The
VU-DATA
Corporation PS941B oscilloscope is a fairly basic
4 inch rectangular face, electrostically deflected, shielded CRT
Graticule is a thin transparent sheet in front of the CRT
2 channel, estimate 20MHz bandwidth oscilloscope.
Year: Estimated 1976
Time/division: 500ms to 100ns (pull red knob to divide by 2 in 50ms/div or
faster sweeps; turn red knob all the way clockwise to match graticule)
Input volts/division: 20V to 10mV, AC/DC/GND coupling. Adjustable gain (as
with most scopes, turn red knobs all the way clockwise to match graticule)
Add/subtract (with inversion of channel 2); Chop/Alt/single channel display
Adjustable trigger level with AC/DC/HPF/LPF/auto coupling, ± slope,
external trigger
Calibration output on back (fixed frequency)
12VDC (2 pins) and 120VAC (standard IEC60320 C14) power inputs,
with battery charger mode to charge lead acid batteries. Yes, the power
supply will run off a car battery if needed.
The internal guts of the scope is very similar to what you'd expect from a scope from the era. Many op amps (TO-5 cans) and transistors (TO-92 plastic) fill the design. A few TO-220s for the PSU are around. I noticed mine had only a few electrolytic capacitors; most of the capacitors in the unit are tantalum. It even has the typical delay line which I only recently figured out what it was for as my Tektronix 2465 had an issue where I had to inspect it. The only thing that's a bit strange is that this oscilloscope is "modular" and seems that the sweep, power, CRT, and Y axis amplifiers are distinctly separate from each other and connected together by gold plated quick disconnect contacts. No ribbon cables.
As this is a fairly basic oscilloscope, there is NO XY mode and NO Z axis.
However there is external triggerring.
I don't exactly know what the bandwidth of this scope is and thus estimate to
20MHz by the sweep speed.
I will need to get a fast rise time jig to see what
the real bandwidth is and compare it to my Tek. I built an avalanche
pulser on a breadboard and used a chinese clone P6100 probe. I measured with
guesstimation (as there's no cursors and counting fractions of a division is
not an exact science) a risetime of around 20ns. This is about the 17.5MHz
using Tektronix's formula. It could very well be the rise time is 17ns due
to measurement inaccuracy, which would put the bandwidth at the 20MHz mark.
Apparently there are several versions of the PS94X series from the PS940, PS941, PS942, and PS943. From what I can deduce from random sources, they may have slightly different bandwidths or different power configurations. The PS940 is clearly rated as 20MHz and weighs 9.5 pounds.
The only price I could find is that there was an ad for this scope for a mere 395£ in 1981 in the United Kingdom. I have not seen a USD reference yet.

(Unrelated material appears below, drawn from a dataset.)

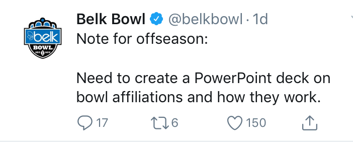 Would be interesting if this was their way of saying "we read your article and your sources were misinformed". They seem to enjoy trolling though. Must be nice to get paid to tweet.Overcashed wrote: ↑Tue Dec 03, 2019 10:55 amI mean it's not going to happen but the fact that the Belk Bowl social media team is messing with Ethan on Twitter is hilarious.

This scope has seen its use. I was able to debug multiple things with it, including my Fisher tuner/amp, Sony Handycam, and my (get this...) Tektronix 2465 oscilloscope with it. It has served well, and will keep on going. Now finding a service manual for it will be tough, but hope it will never be needed. Mine's missing the four back feet, one of the bottom feet, and I don't have good probes for it - the one that I do have is broken.